**Exercise directions:** Go through the records and restate them word for word, omitting images.

Source data
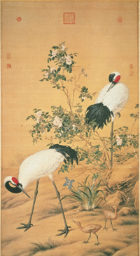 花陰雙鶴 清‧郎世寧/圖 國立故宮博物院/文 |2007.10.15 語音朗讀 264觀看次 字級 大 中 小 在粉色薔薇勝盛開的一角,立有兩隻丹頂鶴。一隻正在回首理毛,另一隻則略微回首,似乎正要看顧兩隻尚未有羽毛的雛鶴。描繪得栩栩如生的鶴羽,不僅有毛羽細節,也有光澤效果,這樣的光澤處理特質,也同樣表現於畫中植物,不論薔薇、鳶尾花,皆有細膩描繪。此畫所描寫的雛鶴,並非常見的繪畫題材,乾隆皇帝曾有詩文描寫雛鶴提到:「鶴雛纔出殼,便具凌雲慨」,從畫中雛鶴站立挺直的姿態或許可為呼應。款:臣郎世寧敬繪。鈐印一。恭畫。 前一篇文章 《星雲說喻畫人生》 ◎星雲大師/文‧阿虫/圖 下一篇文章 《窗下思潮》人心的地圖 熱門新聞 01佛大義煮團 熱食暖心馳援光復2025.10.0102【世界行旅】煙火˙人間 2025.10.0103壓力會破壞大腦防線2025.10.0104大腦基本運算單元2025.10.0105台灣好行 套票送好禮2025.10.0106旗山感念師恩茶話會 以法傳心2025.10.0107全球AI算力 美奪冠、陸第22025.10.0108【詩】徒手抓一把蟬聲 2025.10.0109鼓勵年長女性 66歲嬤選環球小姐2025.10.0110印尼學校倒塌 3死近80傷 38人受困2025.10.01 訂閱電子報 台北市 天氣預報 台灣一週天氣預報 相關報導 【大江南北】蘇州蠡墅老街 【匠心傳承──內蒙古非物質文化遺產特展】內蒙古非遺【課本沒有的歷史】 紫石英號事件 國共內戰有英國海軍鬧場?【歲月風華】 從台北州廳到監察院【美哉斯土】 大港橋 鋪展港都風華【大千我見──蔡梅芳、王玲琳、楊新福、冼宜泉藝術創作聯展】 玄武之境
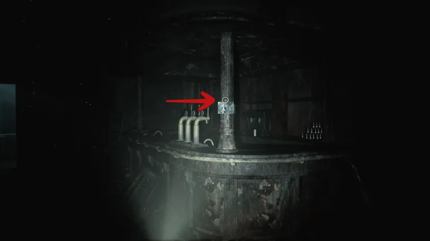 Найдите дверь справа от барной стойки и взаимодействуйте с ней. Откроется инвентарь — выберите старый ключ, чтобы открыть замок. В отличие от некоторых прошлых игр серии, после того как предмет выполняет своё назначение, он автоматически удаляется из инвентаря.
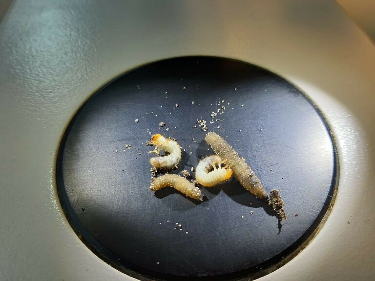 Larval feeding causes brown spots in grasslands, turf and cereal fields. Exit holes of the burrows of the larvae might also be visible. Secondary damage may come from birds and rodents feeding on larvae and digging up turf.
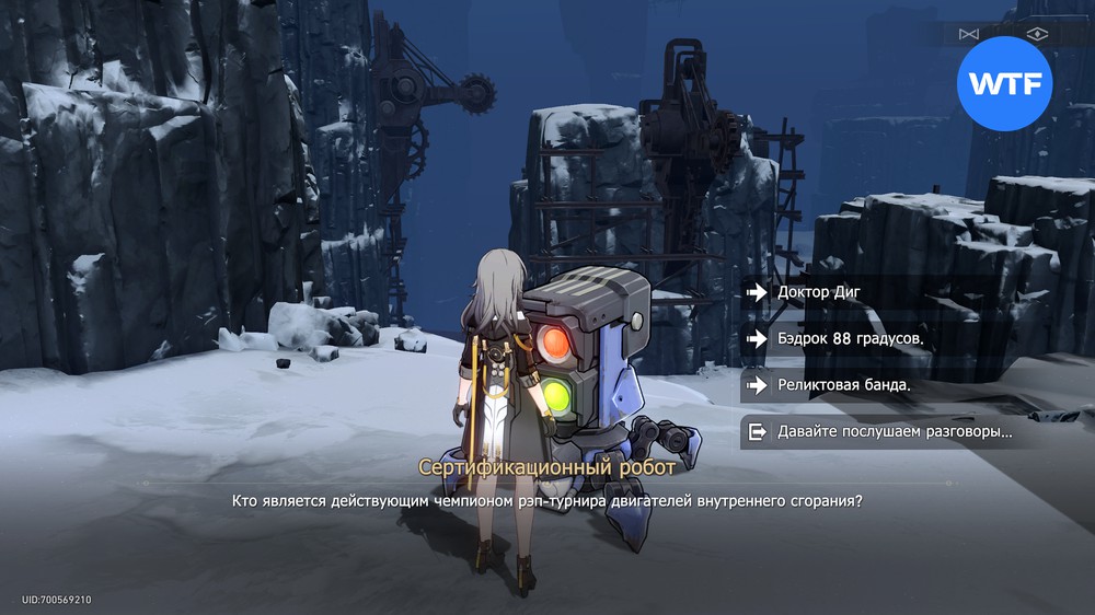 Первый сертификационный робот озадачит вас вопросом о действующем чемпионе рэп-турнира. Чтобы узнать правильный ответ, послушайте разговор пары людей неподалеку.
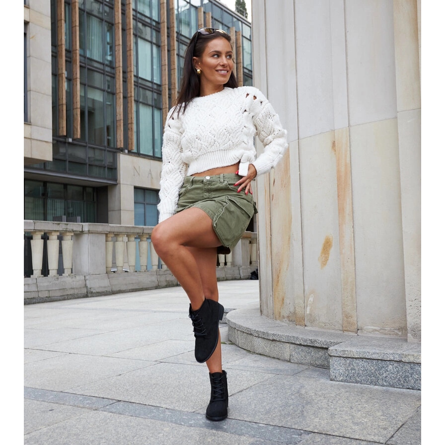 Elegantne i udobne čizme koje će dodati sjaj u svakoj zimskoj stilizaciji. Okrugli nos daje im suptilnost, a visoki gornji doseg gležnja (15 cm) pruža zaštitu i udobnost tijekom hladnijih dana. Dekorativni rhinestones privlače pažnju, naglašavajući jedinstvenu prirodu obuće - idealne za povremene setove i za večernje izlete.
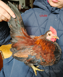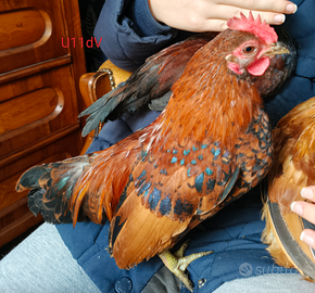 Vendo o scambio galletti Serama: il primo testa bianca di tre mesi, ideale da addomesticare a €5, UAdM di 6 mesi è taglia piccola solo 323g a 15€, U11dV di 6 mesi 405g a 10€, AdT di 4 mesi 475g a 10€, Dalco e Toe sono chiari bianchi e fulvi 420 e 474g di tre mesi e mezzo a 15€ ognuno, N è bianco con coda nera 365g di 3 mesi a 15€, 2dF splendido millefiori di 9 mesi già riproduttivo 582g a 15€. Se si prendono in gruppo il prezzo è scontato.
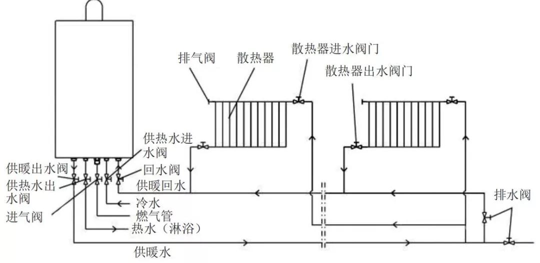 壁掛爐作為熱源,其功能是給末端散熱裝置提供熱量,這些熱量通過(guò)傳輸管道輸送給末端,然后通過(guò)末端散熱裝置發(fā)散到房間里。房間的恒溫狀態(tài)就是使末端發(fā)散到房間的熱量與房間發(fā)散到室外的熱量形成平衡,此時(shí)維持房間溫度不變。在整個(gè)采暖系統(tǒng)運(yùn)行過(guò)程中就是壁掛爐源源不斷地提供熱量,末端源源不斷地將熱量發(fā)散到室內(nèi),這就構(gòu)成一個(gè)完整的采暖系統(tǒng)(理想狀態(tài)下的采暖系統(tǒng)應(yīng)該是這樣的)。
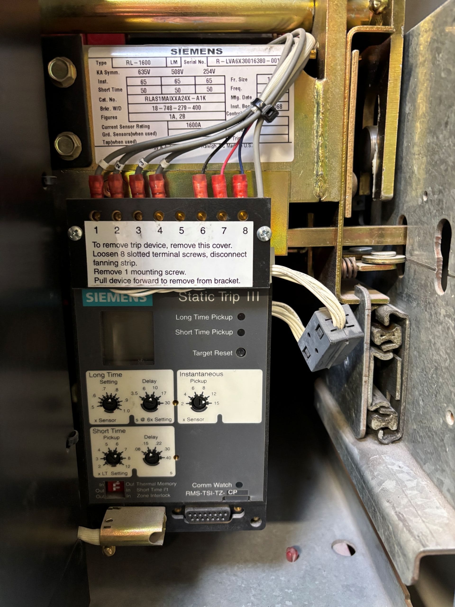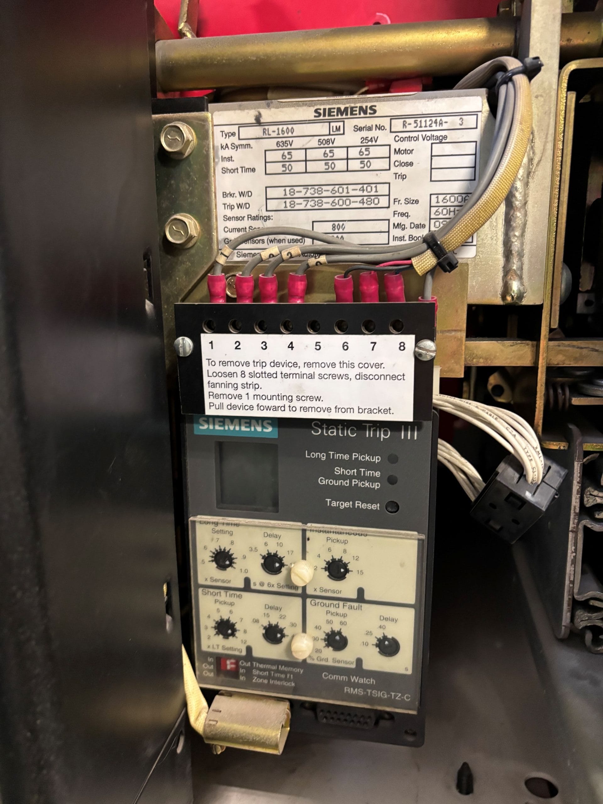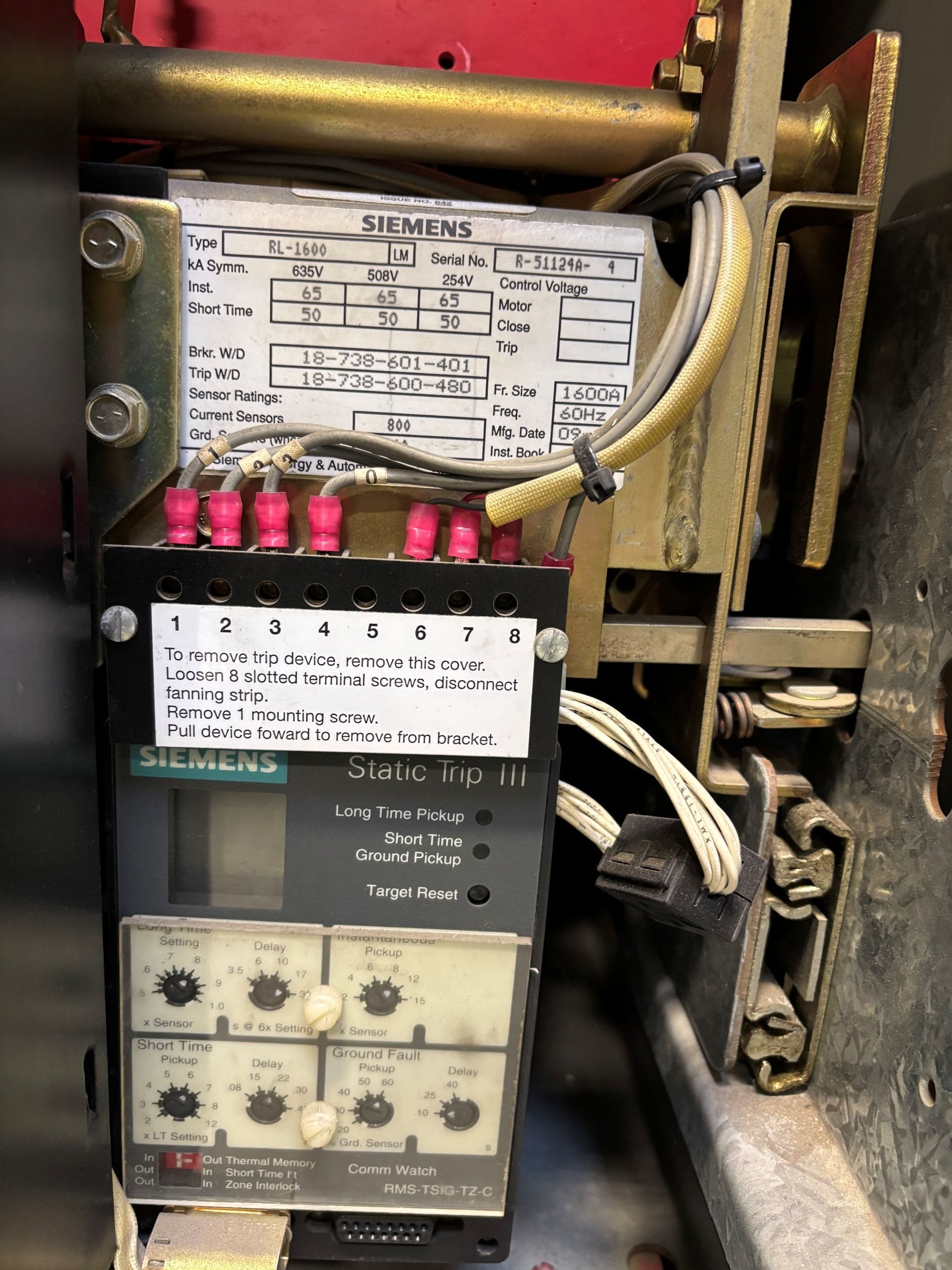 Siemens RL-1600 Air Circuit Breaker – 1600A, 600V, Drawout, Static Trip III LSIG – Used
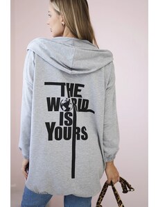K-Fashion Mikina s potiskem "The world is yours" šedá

**Output of the exercise:**
 花陰雙鶴 清‧郎世寧/圖 國立故宮博物院/文 |2007.10.15 語音朗讀 264觀看次 字級 大 中 小 在粉色薔薇勝盛開的一角,立有兩隻丹頂鶴。一隻正在回首理毛,另一隻則略微回首,似乎正要看顧兩隻尚未有羽毛的雛鶴。描繪得栩栩如生的鶴羽,不僅有毛羽細節,也有光澤效果,這樣的光澤處理特質,也同樣表現於畫中植物,不論薔薇、鳶尾花,皆有細膩描繪。此畫所描寫的雛鶴,並非常見的繪畫題材,乾隆皇帝曾有詩文描寫雛鶴提到:「鶴雛纔出殼,便具凌雲慨」,從畫中雛鶴站立挺直的姿態或許可為呼應。款:臣郎世寧敬繪。鈐印一。恭畫。 前一篇文章 《星雲說喻畫人生》 ◎星雲大師/文‧阿虫/圖 下一篇文章 《窗下思潮》人心的地圖 熱門新聞 01佛大義煮團 熱食暖心馳援光復2025.10.0102【世界行旅】煙火˙人間 2025.10.0103壓力會破壞大腦防線2025.10.0104大腦基本運算單元2025.10.0105台灣好行 套票送好禮2025.10.0106旗山感念師恩茶話會 以法傳心2025.10.0107全球AI算力 美奪冠、陸第22025.10.0108【詩】徒手抓一把蟬聲 2025.10.0109鼓勵年長女性 66歲嬤選環球小姐2025.10.0110印尼學校倒塌 3死近80傷 38人受困2025.10.01 訂閱電子報 台北市 天氣預報 台灣一週天氣預報 相關報導 【大江南北】蘇州蠡墅老街 【匠心傳承──內蒙古非物質文化遺產特展】內蒙古非遺【課本沒有的歷史】 紫石英號事件 國共內戰有英國海軍鬧場?【歲月風華】 從台北州廳到監察院【美哉斯土】 大港橋 鋪展港都風華【大千我見──蔡梅芳、王玲琳、楊新福、冼宜泉藝術創作聯展】 玄武之境
 Найдите дверь справа от барной стойки и взаимодействуйте с ней. Откроется инвентарь — выберите старый ключ, чтобы открыть замок. В отличие от некоторых прошлых игр серии, после того как предмет выполняет своё назначение, он автоматически удаляется из инвентаря.
 Larval feeding causes brown spots in grasslands, turf and cereal fields. Exit holes of the burrows of the larvae might also be visible. Secondary damage may come from birds and rodents feeding on larvae and digging up turf.
 Первый сертификационный робот озадачит вас вопросом о действующем чемпионе рэп-турнира. Чтобы узнать правильный ответ, послушайте разговор пары людей неподалеку.
 Elegantne i udobne čizme koje će dodati sjaj u svakoj zimskoj stilizaciji. Okrugli nos daje im suptilnost, a visoki gornji doseg gležnja (15 cm) pruža zaštitu i udobnost tijekom hladnijih dana. Dekorativni rhinestones privlače pažnju, naglašavajući jedinstvenu prirodu obuće - idealne za povremene setove i za večernje izlete.
 Vendo o scambio galletti Serama: il primo testa bianca di tre mesi, ideale da addomesticare a €5, UAdM di 6 mesi è taglia piccola solo 323g a 15€, U11dV di 6 mesi 405g a 10€, AdT di 4 mesi 475g a 10€, Dalco e Toe sono chiari bianchi e fulvi 420 e 474g di tre mesi e mezzo a 15€ ognuno, N è bianco con coda nera 365g di 3 mesi a 15€, 2dF splendido millefiori di 9 mesi già riproduttivo 582g a 15€. Se si prendono in gruppo il prezzo è scontato.
 壁掛爐作為熱源,其功能是給末端散熱裝置提供熱量,這些熱量通過(guò)傳輸管道輸送給末端,然后通過(guò)末端散熱裝置發(fā)散到房間里。房間的恒溫狀態(tài)就是使末端發(fā)散到房間的熱量與房間發(fā)散到室外的熱量形成平衡,此時(shí)維持房間溫度不變。在整個(gè)采暖系統(tǒng)運(yùn)行過(guò)程中就是壁掛爐源源不斷地提供熱量,末端源源不斷地將熱量發(fā)散到室內(nèi),這就構(gòu)成一個(gè)完整的采暖系統(tǒng)(理想狀態(tài)下的采暖系統(tǒng)應(yīng)該是這樣的)。
 Siemens RL-1600 Air Circuit Breaker – 1600A, 600V, Drawout, Static Trip III LSIG – Used
K-Fashion Mikina s potiskem "The world is yours" šedá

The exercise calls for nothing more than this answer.